I figure each escort has her own reason(s) for being an escort.  So long as they are doing it of their own free will (and hopefully not out of a sense of desperation), it's all good.

I certainly don't think I'm doing anyone a favor by calling them.  I'm simply delighted by the many wonderful experiences I've had since I started seeing escorts.  Not all of them or even close but quite a few and only a few poor ones.

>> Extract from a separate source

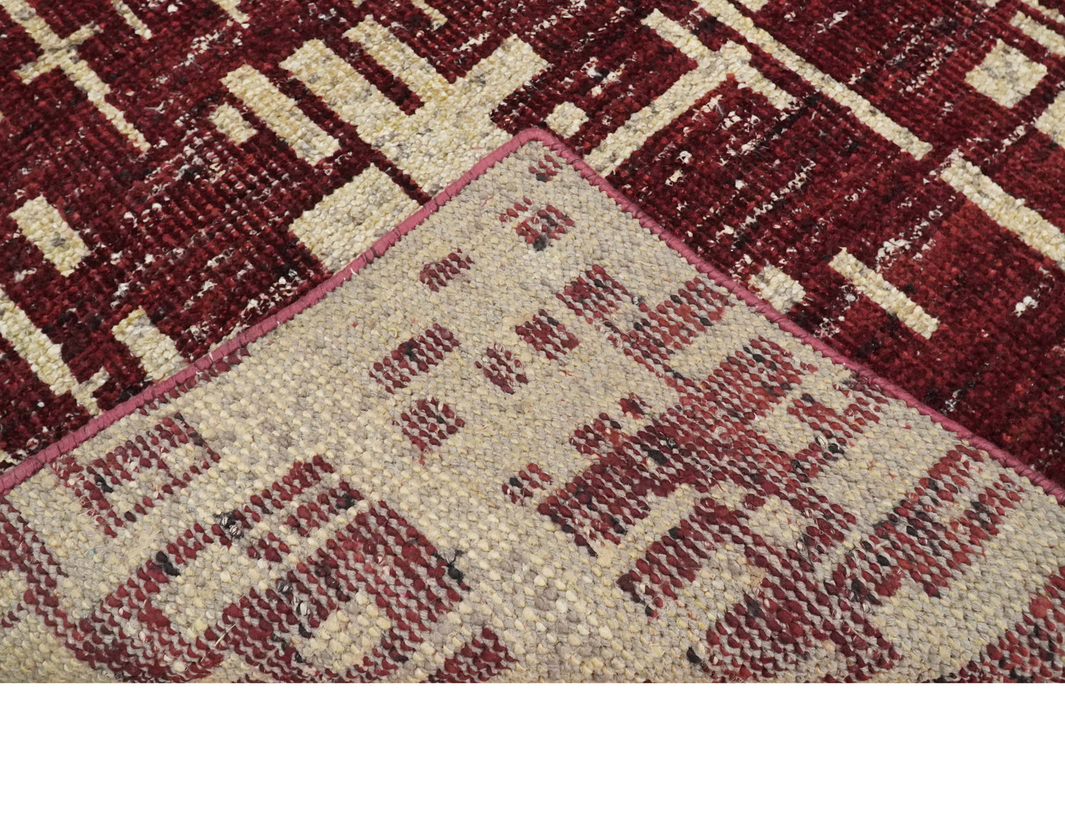 4x6 Hand Knotted Beige and Maroon Modern Abstract Contemporary Recycled Silk Area Rug | OP64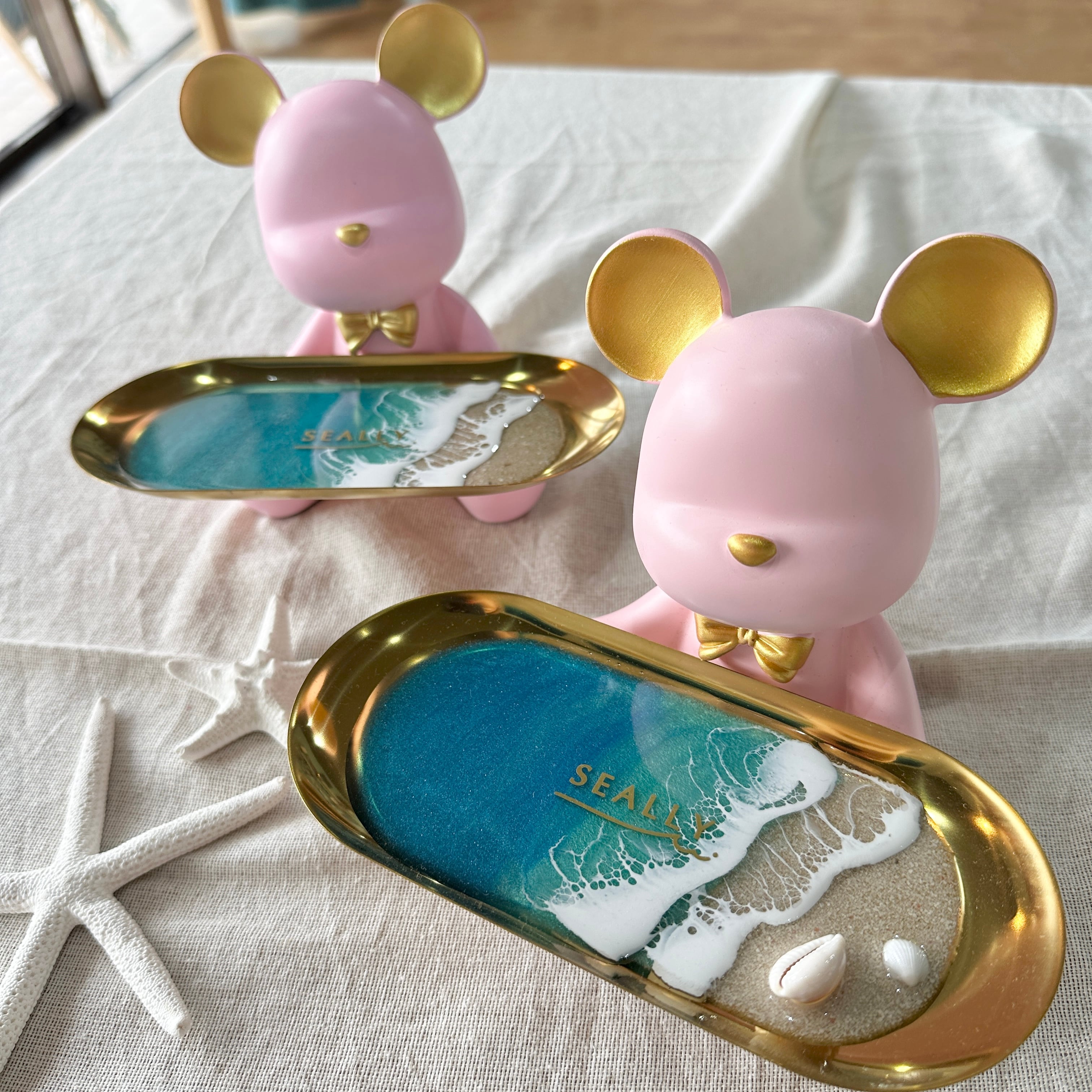 可愛いベアが持つトレーに小物を置くことができるアイテム。

I just want to have a good time and hopefully the escort I see is also pleased with the way things went.

tattooed_asian See my TER Reviews 1295 reads
posted
18 / 36

I have a special, unique, exciting, refreshing  personality.  I also love meeting new people, dressing up, being sexy, and having fun.  While "giving pleasure" is nice, I truly enjoy "exchanging energy" even more.  I think that is why I am completely at ease in this erotic underworld.

I am having a great time in life right now.   :)

Wildwilly13 52 Reviews 1368 reads
posted
19 / 36

Having had the pleasure of seeing both Wendy and Marie I can honestly say that if you do not or cannot enjoy their company, you are either dead, a zombie or from a galaxy far, far away.  They are indeed the epitome of style, grace,class and downright sexiness.  Ladies, I salute you!!  In more ways than one.

buddyboy1 669 reads
posted
20 / 36

I may not be the most experienced poster on this board but do have some long-lasting memories of at least three ladies who I feel went above and beyond in their times with me. Yes, I'm aware it was not anything more than momentary, but for those hours or days they made me feel very special and that's all I could ever expect. Could I have hoped for more? Absolutely!!! All I can say is thank you for those all too brief exotic and erotic moments.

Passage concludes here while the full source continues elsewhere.